» TASK BRIEF
Look at each line below and count those with the word "Александры"; the answer is that number only.

Records from a data source:
◆ ◆ ◆ ◆

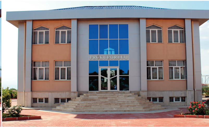
Kəngərli rayon prokurorluğunun inzibati binası
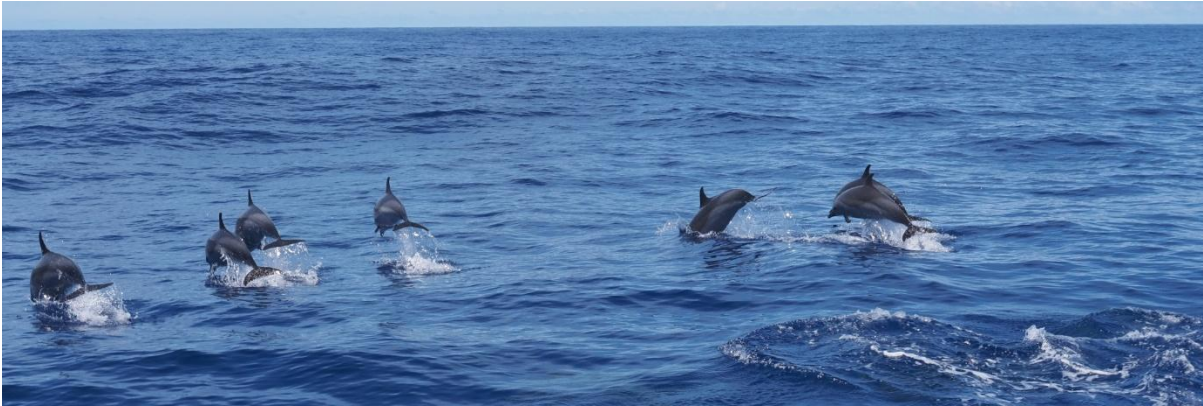
Delfine üben sich im Synchronspringen

Achter Tag auf See: morgens um 02.00 Uhr kommt endlich der (im veralteten Wetterbericht) für früher angekündigte Südwestwind und wir setzen die Genua. Ich halte die Geschwindigkeit auf maximal 4,5kn, da wir ungedrosselt eventuell bereits in der Dunkelheit der kommenden Nacht ankommen würden. Ich laufe in unbekannte Häfen lieber bei Tageslicht ein.
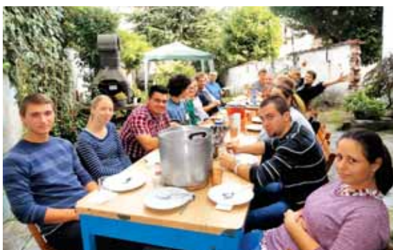
Dijaki jezuitskega kolegija Magis – tudi ob pašti in rižu se da lepo preživeti.
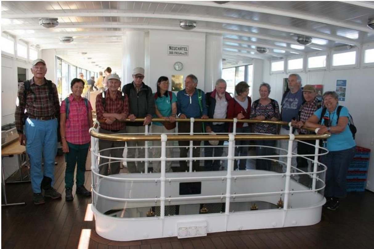
Abschied! Es war eine schöne Unternehmung.
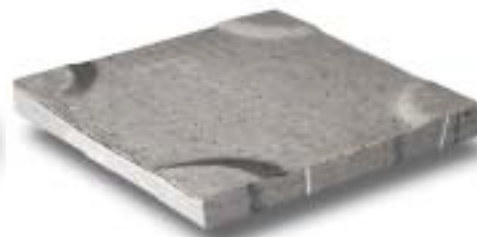
Dreen®Platte 500 x 500 x 60 mm
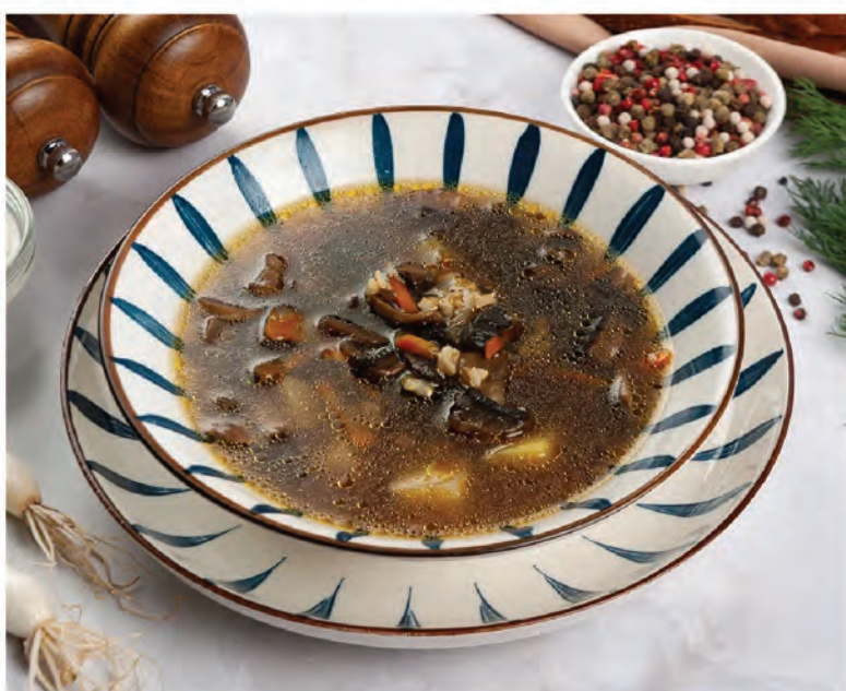
СУП ИЗ БЕЛЫХ ЛЕСНЫХ ГРИБОВ с перловкой 250г / 350₽
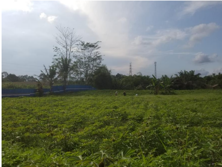
Tanaman Ubi Kayu
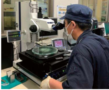
▲医師をサポートする手術支援ロボットの開発・製造を支援

新産業創出を促進するため、県内企業の研究開発や事業化及び事業の規模拡大への取り組みを支援
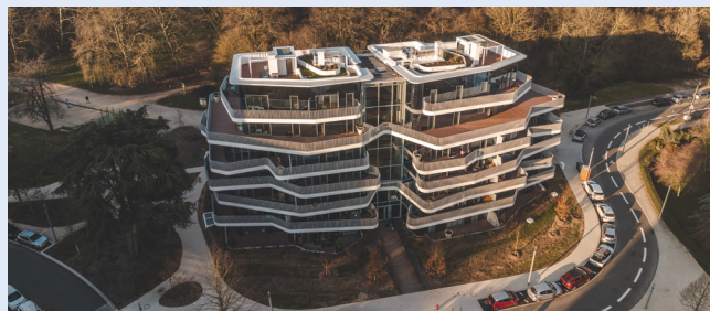
Résidence Canopée

A découvrir en détail sur www.schoeck.com/fr/40-ans-isokorb
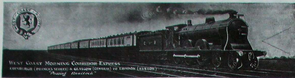
WEST COAST MORNING CORRIDOR EXPRESS EDINBURGH (PRINCES STREET) & GLASGOW (GENERAL) TO LONDON (EUSTON) "Passing Beattock"
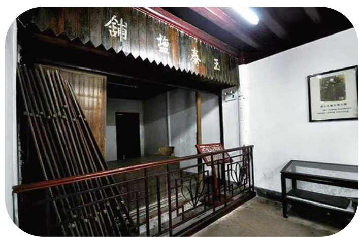
玉泰盐铺微改造前

此外,除了为游客打造更精致的游览体验,溪口景区还提升改造景区游客中心,不仅全面升级购票大厅,还改善了多处可供游客休息、咨询的场所,增加了咖啡吧、文创产品等休闲业态。
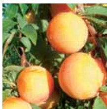
Quelle que soit la variété considérée, la pollinisation croisée des pruniers américano-japonais est un élément déterminant à la réussite du verger.
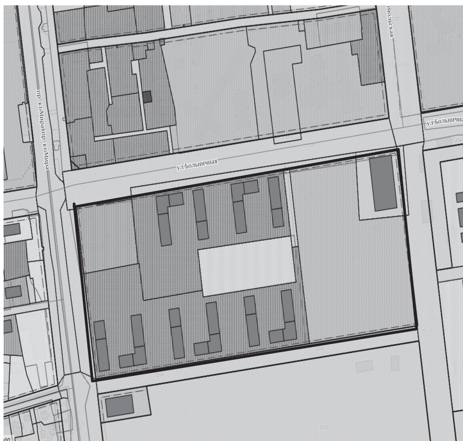
границы проектируемой территории

Приложение № 1 к постановлению администрации города Южно-Сахалинска от 20.04.2022 № 866-па Схема границ проектируемой территории
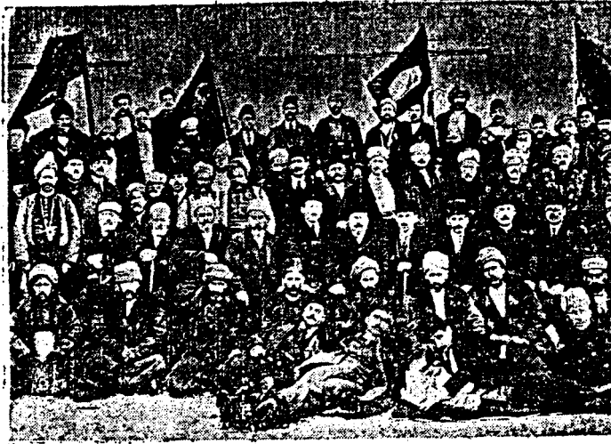
مونیوده المهاد این بولناریستان چغتیی قوتورسنه نورکه زراعت فرعی وزیرات چغتیی نامه مرشیس اولهوق اشتراك ابدل جواد رشدی بکلا بولناریستان سادان مینوئری ویتتی مرشیردن مرگت بر مرزوب

تومره ۱۱ ۱ مارت ۱۳۳۷ سال ۲۲ جادی الاخر ۱۳۳۹ برنجی سنه
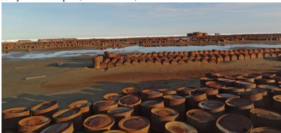
Загрязнения на острове Александры

В 2012 году начались полномасштабные работы по ликвидации данного ущерба на двух островах архипелага Земля Франца-Иосифа — острове Земля Александры и острове Гукера. Общая площадь территорий, где уровни загрязнения природной среды существенно превышают допустимые нормы, составляет 6,26 кв. км.
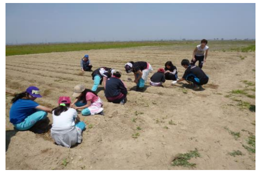
最後にみんなで雑草取りもしました。
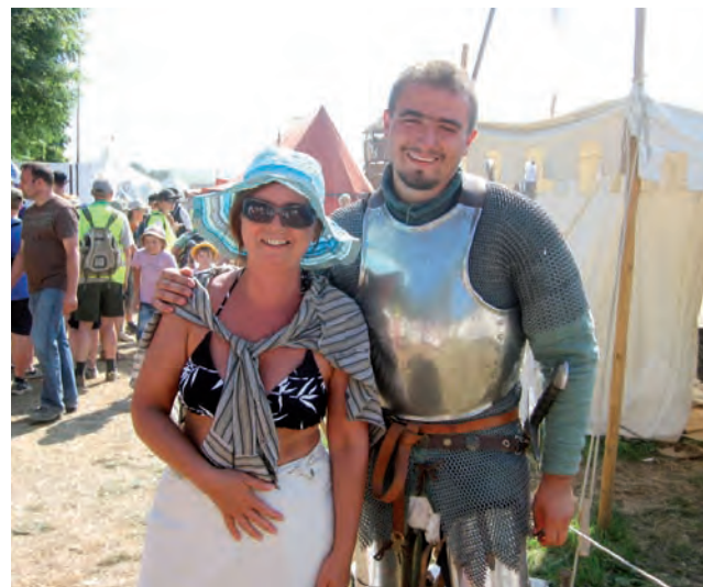
Strykowskie białogłowy chętnie fotografowały się z męznymi rycerzami.

Na ostatni dzwonek – Zaniepokojeni napływającymi z mediów wieściami o coraz większym zainteresowa-
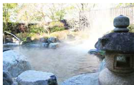
Sリゾート（茨城県）4,242m 2 露天風呂熱回収、空調、LED 給湯、EMS工事 補助率1/2
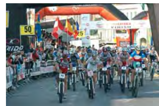
Gran fondo del Montello 2007: la partenza...
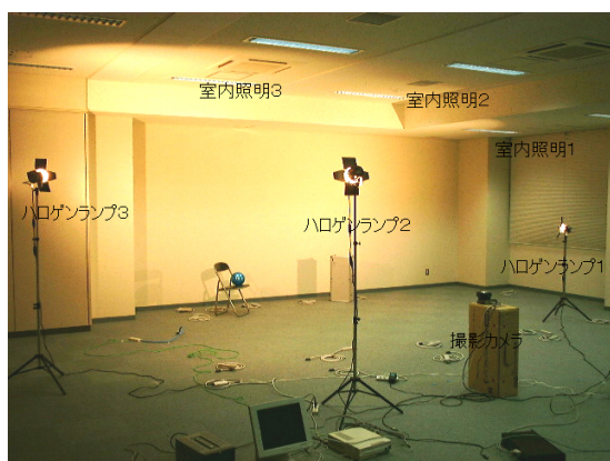
図 1: 実験環境

実験には、撮影カメラとして SONY 製 EVI-D30 を固定して設置し、照明は、調光機 (T5 製 Effect Arts) によって 128 段階の光量調節が可能、つまり v = 0 \dots 127 であるハロゲンランプ (LPL 製 500W) 3 台及び、全点灯、全消灯のみができる、つまり v = 0, 1 である室内の照明 3 系統 (1 系統あたり 32W の蛍光灯 12 本) を使用した。実験は夜間、ブラインドを閉じて行い、太陽などの未知光源の影響を受けないようにした。
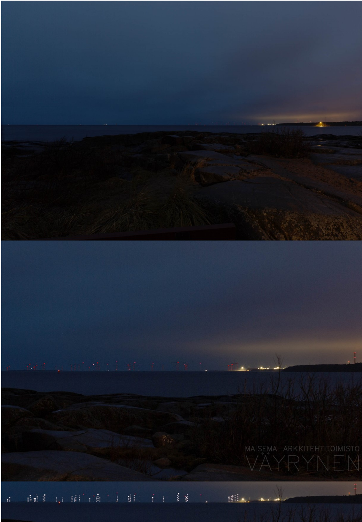
Kuva 1-3. Havainnekuva A Kallosta yöllä. Kuvassa näkyy hankkeen lentoestevalot. Yläkuvan objektiivi on 16 mm ja keskimmäisen kuvan 50 mm. Alakuvaan on valkoisella merkitty hankkeen valojen sijainnit. Lähimpään hankkeen tuulivoimalaan on etäisyyttä yli 10 kilometriä.
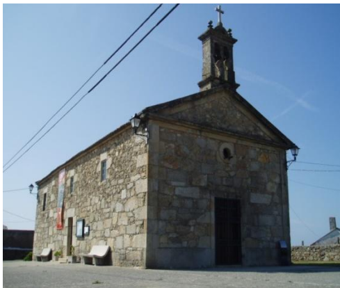
Capela da Nosa Señora da Guía

A nova capela serviu como amparo orientación e "guía" aos homes do mar de Aguiño.

◆ ◆ ◆ ◆

» TASK SOLUTION
2